Global Ideology Behind Prisoner Conscription

-Scott D Culp, Correctional Facility in Chino, CA

The labor-intensive aspect of the current war between Ukraine and Russia has the latter scrambling for able-bodied men. Taxing from the lowest hanging fruits of a dictatorship, Russian prisoners were openly pressed for conscription into the paramilitary “Wagner Group.” 

I can certainly empathize with a convict seeking absolution from sins, especially clothed in the austerity of the State. Ours is a cryptic world where the foreshadow of a war involving our fraternal dis-order of brothers has us questioning our worth in society. Because of the economic costs of a regular army, the emergence of the privatized military industry has skyrocketed. 

Some fifty-thousand prisoners bent the knee pledging fealty for the chance of repentance, “that is not perfect.” Yevgeny Prigozhin emptied the freaking prison system in Russia. There is historical precedent and contemporaneous links in ideology that point directly to a military doctrine accessing the pool of the prison industrial complex. 

The primary characteristic of prophetic self-consciousness is an awareness of a call. Since childhood, there has always been an underlying unity of thoughts working towards rebellion.  

These issues I write about are socially alive but not easily perceived without the benefit of tragic knowledge. Since society continues to magnify itself against us, then let us also boast. I’ve reached through prison bars to grasp on transitory shafts of light in the hope it would sustain me. 

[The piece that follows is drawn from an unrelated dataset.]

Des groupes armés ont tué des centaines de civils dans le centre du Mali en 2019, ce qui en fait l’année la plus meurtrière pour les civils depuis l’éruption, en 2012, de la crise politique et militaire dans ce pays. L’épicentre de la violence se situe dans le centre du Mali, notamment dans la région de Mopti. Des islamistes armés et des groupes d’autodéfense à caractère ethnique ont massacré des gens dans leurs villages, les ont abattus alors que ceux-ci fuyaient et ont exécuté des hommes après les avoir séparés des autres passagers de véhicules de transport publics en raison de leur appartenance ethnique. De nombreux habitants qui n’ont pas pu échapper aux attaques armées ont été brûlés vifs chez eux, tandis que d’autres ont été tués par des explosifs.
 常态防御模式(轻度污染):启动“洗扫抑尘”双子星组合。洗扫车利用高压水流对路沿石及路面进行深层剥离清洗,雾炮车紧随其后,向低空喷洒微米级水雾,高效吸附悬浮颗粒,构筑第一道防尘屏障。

I found redemption cleaning prison toilets with gratitude for the blessings he didn’t take. There is no crystal-gazing insight into our lives except for one cold hard fact, our lot is like that of the Bedouin, a nomadic desert people, who have passed down a millennium of culture, beliefs and legends in the oral tradition. 

Those forlorn Russian conscripts are no different from the Greeks fifth century BC condemned to row in the bowels of a trireme on the Aegean Sea. Gallows humor entered our lexicon chained to a bench, seated behind an ore. It’s then they postulated that the gallows would be better. Any prisoner worth his salt rises from those depths. Whether he’s ankle deep in shhh, or feeling the warmth of God’s hand in a shaft of light, our character is formed in the oblivion of banishment. Giovanni Giacomo Casanova 1725-98 was lionized for his escape from Mamertine (Maeertine Prison was where the Apostle Paul was locked up). In Casanova’s time, “cannon fodder” became synonymous with prison conscripts thrown at the breach. Like malware, the term “federally eff-ed” defines itself cryptographically. The violent notion suggested by or associated with this begs for some sentient machine therapist to illuminate the impact this bad software has had on our society. 

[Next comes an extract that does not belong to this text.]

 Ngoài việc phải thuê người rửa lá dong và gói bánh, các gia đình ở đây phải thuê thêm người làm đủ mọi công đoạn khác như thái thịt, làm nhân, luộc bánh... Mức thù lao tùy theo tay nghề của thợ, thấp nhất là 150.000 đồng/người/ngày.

The nature of prophecy is twofold; either inspired or acquired. For bank robbery I was imprisoned at USP Lompoc, “The New Rock” located on Vandenburg Air Force Base, and USP Atwater located on Castle Air Force Base. Being a prisoner doesn’t disqualify me from the position of prejudice, personal interest, and incredulity as to what variable some DC Think Tank used to convince our government to house federal prisoners on Air Force Bases. 

I’d like to tell you those Russian prisoners are fighting the good fight, but I can’t. Vladimir Putin is a despot, and his attempts to resurrect the corpse of the Soviet Socialist Republic on the backs of prison conscription gives us an edgy glimpse inside the ideology that measures us as variables that approach zero. 

Yevgevy Prigozhin, “Wagner Chief” gave an interview one cold night east of Bahkmut. He was surrounded by uniformly laid, dead Wagner conscripts. Eerily I watched as his breath vapor clearly set his life apart from the field of death. 

In that moment, there were no good thoughts concerned with changing perceptions, there was no calling to breathe life into men shed of their criminal skin who took up faces from the ancient gallery. 

In that moment my thoughts mingled with doubt as to whether this “Billionaire Strongman” knew the history of a Thracian prisoner named Spartacus.